There is, after all, far more to journalism than simply repeating what someone says. Witness Donald Trump.

Which brings me to Anna De Luca.

She became editor of The Baron, the online student newspaper at the University of New Brunswick’s Saint John campus, in January.

She promptly ran an uncritical question-and-answer, then a 2,000-word commentary by the leader of something called the National Socialist Canadian Labour Revival Party.

“I don't believe that a single Arab individual, or a single African individual, or a single native individual had anything to do with building a single building in Toronto or Montreal or Ottawa or Vancouver when our forefathers settled this land,” Michael Thurlow told a CBC reporter in one interview.

You get the idea.

De Luca was scolded for giving him a forum free of tough questions. She hit back.

“In this age of extreme polarization, I saw gaining captainship of this publication as an opportunity to provide a diverse collection of contributors the ability to speak their truth – whatever that truth may be. I promised myself that I would never censor, never correct or challenge,” she said.

Um, no.

People may be entitled to their opinions, but those opinions are not entitled to respect. That’s earned. It’s up to journalists to question what they’re told, not simply repeat it because it’s someone’s “truth.”

Welcome to Journalism 101.

Still, some good came out of this. I posted the ‘not a tape recorder’ note and a link to the story on Facebook. It set off an interesting discussion between two people who know something about journalism - the publisher of the newspaper I ran as editor for years, and the editor who came before me.

“I am more afraid of the repression of opinion than I am of opinion. I think we must teach people to be aware of the nasty ideas in the world and prepared to evaluate and make civilized judgments. I also think university is an excellent place for such open discussion to take place,” said former publisher David Cadogan.

Former editor Sharon Fraser begged to differ.

“It's a reckless and lazy editor who publishes something that is probably untrue or publishes an ‘opinion’ which is based on a premise that is probably untrue. It's not ‘repression of opinion’ to say, ‘This is not true and we're not going to publish it on our editorial page.’

“In the end, however, the writer has a perfect right to publish and distribute it himself. That's freedom of expression too.”

Cadogan wasn’t ready to concede.

“There was … a time when the great majority of New Brunswickers were furious that I would publish the annual classified ad for FLAG’s (Fredericton Lesbians and Gays) meeting in Fredericton.
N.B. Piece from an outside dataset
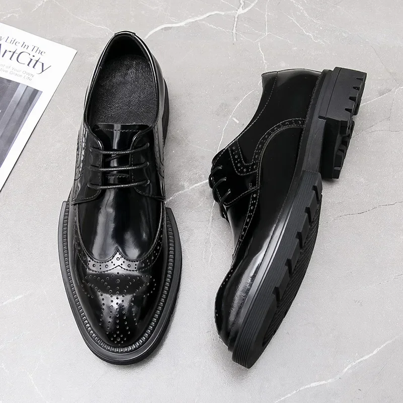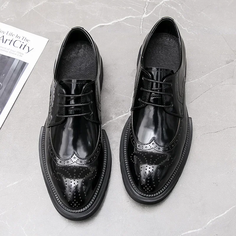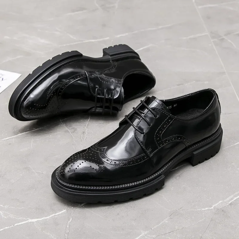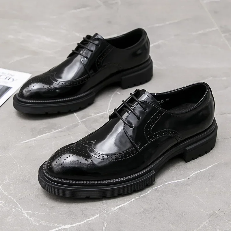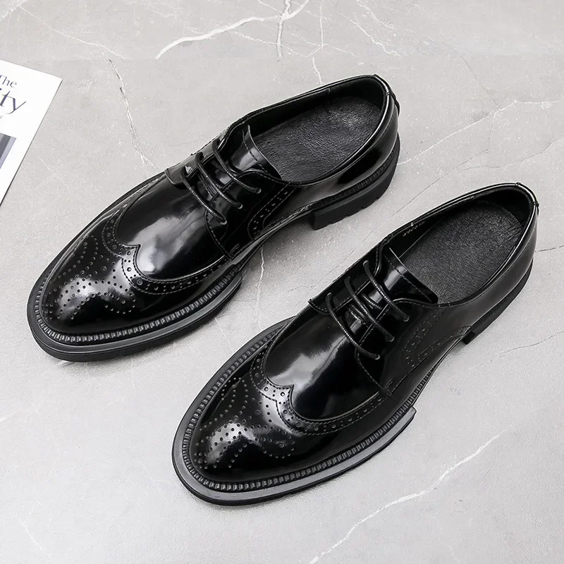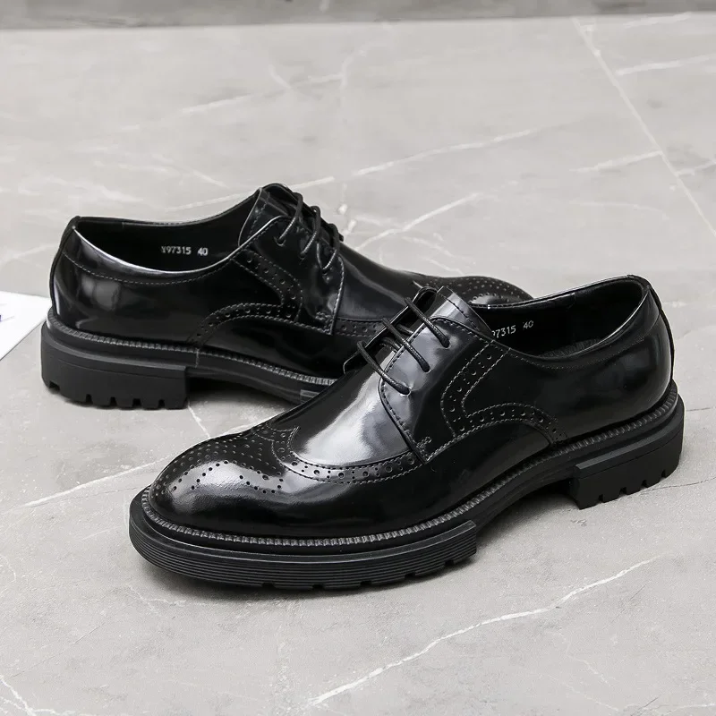2025 أحذية رجالية جديدة للأعمال التجارية من الجلد اللامع الأوروبي أحذية منصة ذات أجواء رائعة أحذية جلدية للرجال هدية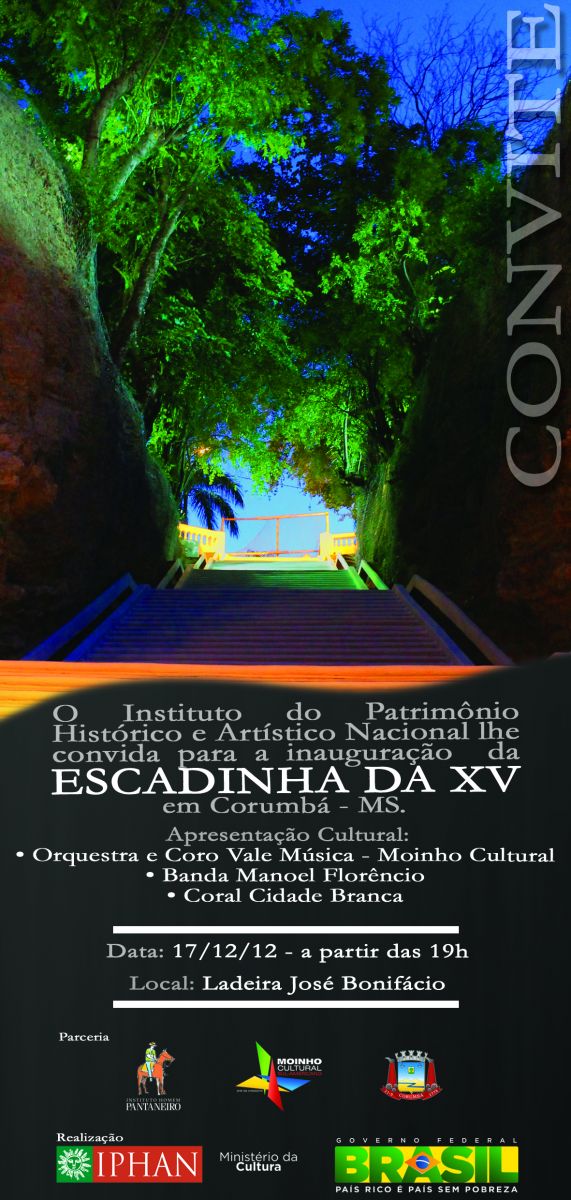 Na próxima segunda-feira, dia 17 de dezembro, o Instituto do Patrimônio Histórico e Artístico Nacional no Mato Grosso do Sul (Iphan-MS) entrega à comunidade de Corumbá a Escadinha da XV, que passou por obras de recuperação e contenção da encosta. A festa será a partir das 19h, com apresentação da Orquestra e Coro Vale Música (Moinho Cultural), Banda Manoel Florêncio e Coral Cidade Branca (Prefeitura Municipal de Corumbá).

No papers other than mine would print it.

“I actually had a policy that, if anyone wrote three letters in year saying I was full of it, we would offer them a column.”

I’ll give the final word to one of my first-year students, Josh Lewis, who joined in, quoting De Luca, who has since been fired.

“‘I promised myself that I would never ... correct or challenge.’ Then what are you doing in a newsroom?”

- Rick MacLean is an instructor in the journalism program at Holland College in Charlottetown.